I like Thanksgiving. We may not all always feel grateful for our circumstances, but an attitude of gratefulness is healthy, I’m convinced. So, happy Thanksgiving!
Karen and I will be feeling festively appreciative this year high in the Rockies, in Beaver Creek.
As November fades, markets seem ungrateful. One Wall Street Journal article Friday noted that the majority of companies beating estimates this quarter underperformed. The author concluded that where investors before rewarded companies for exceeding expectations, now they have to offer rosier future views.
What data supports that contention? There were no investors interviewed for the piece who said they dumped stocks like AMD, which was down 27% on results. Why would an investor lop 27% off returns in a day – gains earned by risking holding shares for months or longer? It defies logic, and things defying logic should be scrutinized.
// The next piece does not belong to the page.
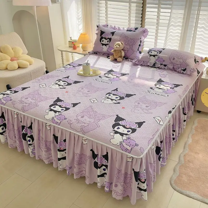 Nový sanrio kawaii anime kuromi roztomilá kreslený kněžna styl prošívaná postel sukně po jednom kusu ošklivý lem postel sukně třídílný sada

Only arbitragers profit when stocks fall – those betting on different prices for the same thing. High-speed traders, hedge funds that bet short, and market-makers for Exchange Traded Funds (ETFs).
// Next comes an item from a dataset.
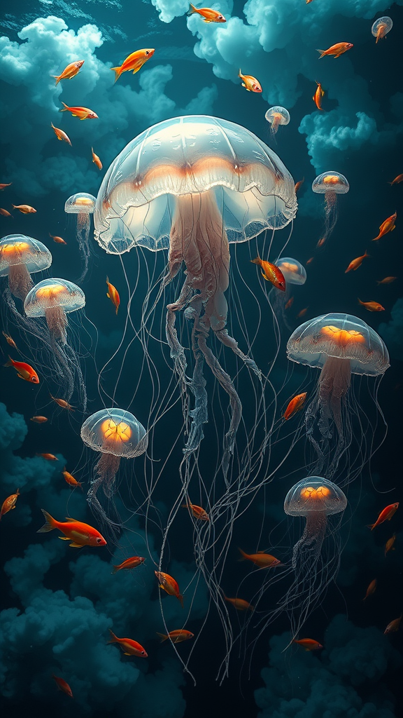 3D painting of ethereal jellyfish surrounded by vibrant fish and swirling clouds, with an atmosphere both dark and chaotic, blending hues of light black and shimmering aquamarine. The scene feels animated, as if it were an endless loop of an animated gif, layered with site-specific details. Gossamer fabrics float and weave through the environment, creating a fluid and gestural composition reminiscent of a dynamic Flickr gallery. The elongated aspect ratio, ar 35:52, enhances the dreamlike quality of this intricate underwater world.

Only one of these is ordered by regulators to engage in arbitrage. ETF market-makers.
Isn’t it extreme to say “ordered?” No. ETFs don’t work without an arbitrage mechanism because they don’t have intrinsic value.
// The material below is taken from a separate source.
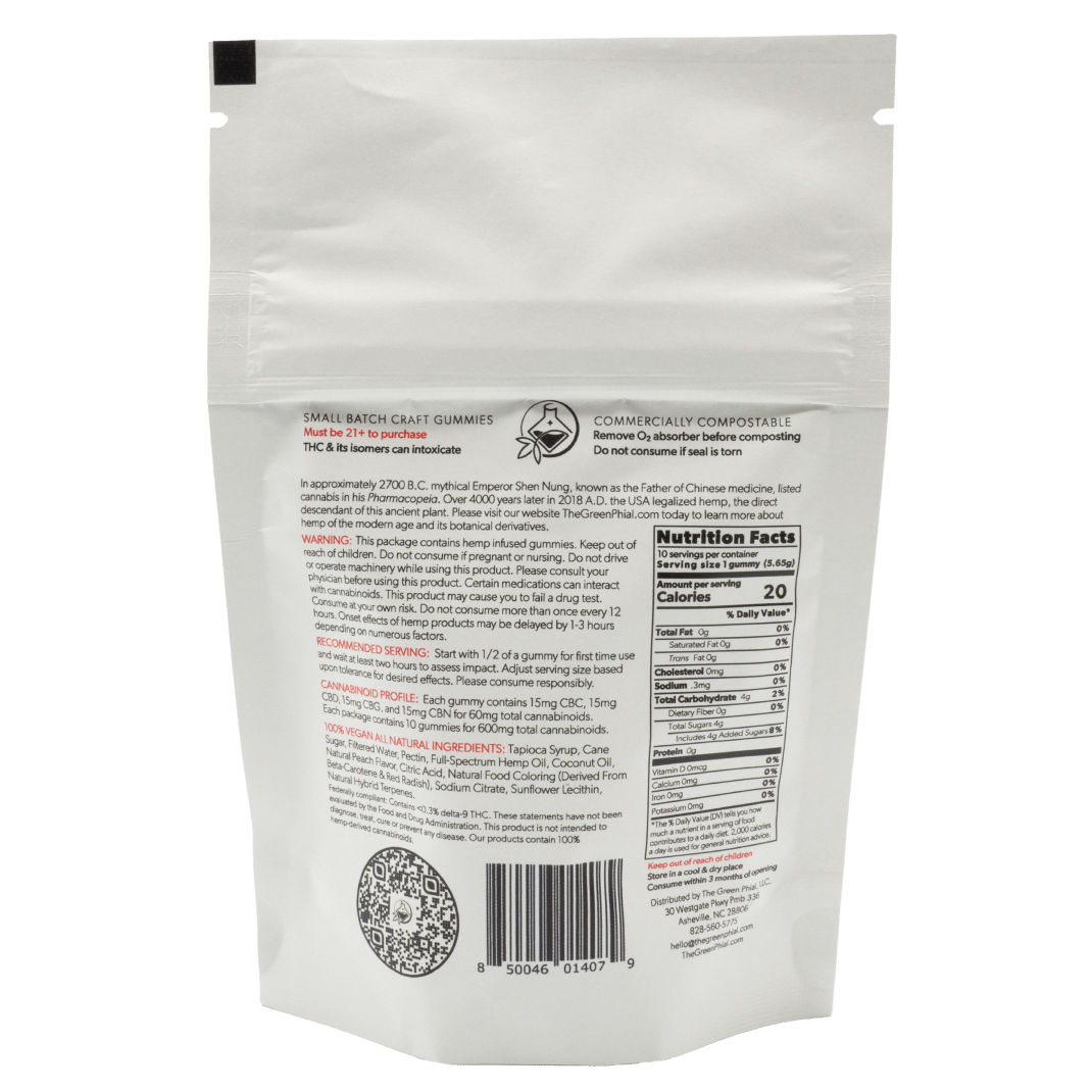 - Potent Dose: Each gummy contains 15mg CBC, 15mg CBD, 15mg CBG, and 15mg CBN totaling 60mg per gummy.

ETFs are exempted by the SEC from the requirement in the Investment Act of 1940 to offer investors a single price for fund shares, and to make those shares redeemable in a proportionate chunk of the underlying pool of assets.
The SEC granted relief to creators of ETFs because there are two markets, two different prices for ETFs – fostering economic incentive to support them by buying low and selling high, so to speak.
Because ETFs are not redeemable – can’t be traded for money in a pool – market-makers have an unusually strong economic motivation to chase and foster big divergences. They can trade ETF shares for stocks, and vice versa.
If money flows into the market and investors want to buy ETFs, market-makers gather up a collection of stocks to trade to firms like Blackrock for the right to create ETF shares. They want stocks that are easy to buy or borrow or swap for, and ones that have outperformed or underperformed.
Why? Because stocks that have outperformed will be shed soon by Blackrock and other ETF creators, which can wash out associated capital gains by offering them as collateral to trade for ETF shares. So brokers might borrow them and then buy puts, knowing the likelihood that these stocks will be on the ETF chopping block soon is high.
Conversely, when stocks plunge in value, ETF market-makers will buy them to use as collateral for ETF shares that can be quickly marked up and sold at a profit.
Passive money dominated AMD around results. Same with ALGN, which also plummeted on results that beat expectations. Both stocks were 50% or more short ahead of results.
Think of it this way: Your stock is gold, and ETF shares are gold-backed dollar bills. Suppose gold could be acquired for half-price. If the currency stays the same, you make 50%. So you really, really want to find cheap gold.
Whoever trades stocks sets the price. It’s not determined by who OWNS the stocks. Suppose investors stopped buying AMD and ALGN to study results. Smart market-makers for ETFs would detect the lack of normal buying and would sell and short them aggressively so the prices would fall.
Then they would scoop both up at depressed prices to supply to Blackrock in exchange for the right to create ETF shares – even ETF shares for safe-harbor value ETFs.
Stocks are collateral. Motivation for market-makers shuffling collateral around is not investing. It’s profiting on price-differences for the same thing.
This behavior is as we’ve said repeatedly far bigger than any form of fund-flows. ETF creations and redemptions totaled $3.3 trillion through September this year, or more than $360 billion monthly.
I believe the data will show – it won’t be out until the last trading day this month – that there were ETF outflows in October for the third time this year (also in February and June, and in both months stock-market gains vanished, and in Feb stocks corrected), and the third time since the Financial Crisis.
The risk in a prolonged down market is that ETF shares and the value of collateral – stocks – are both declining simultaneously. Market-makers can pick one and short it, or pick both and short both, in the hopes that if and when the market recovers, they get it right.
But if they’re wrong, the sheer size of ETF creations and redemptions says there’s not enough collateral to cover obligations. Today, VIX volatility bets are lapsing ahead of Thanksgiving to conclude a horrific Nov expirations cycle.
I think it’ll sort out. If not, the bull market could end. And a major contributor when that happens will be the all-out pursuit of collateral over investment by ETFs.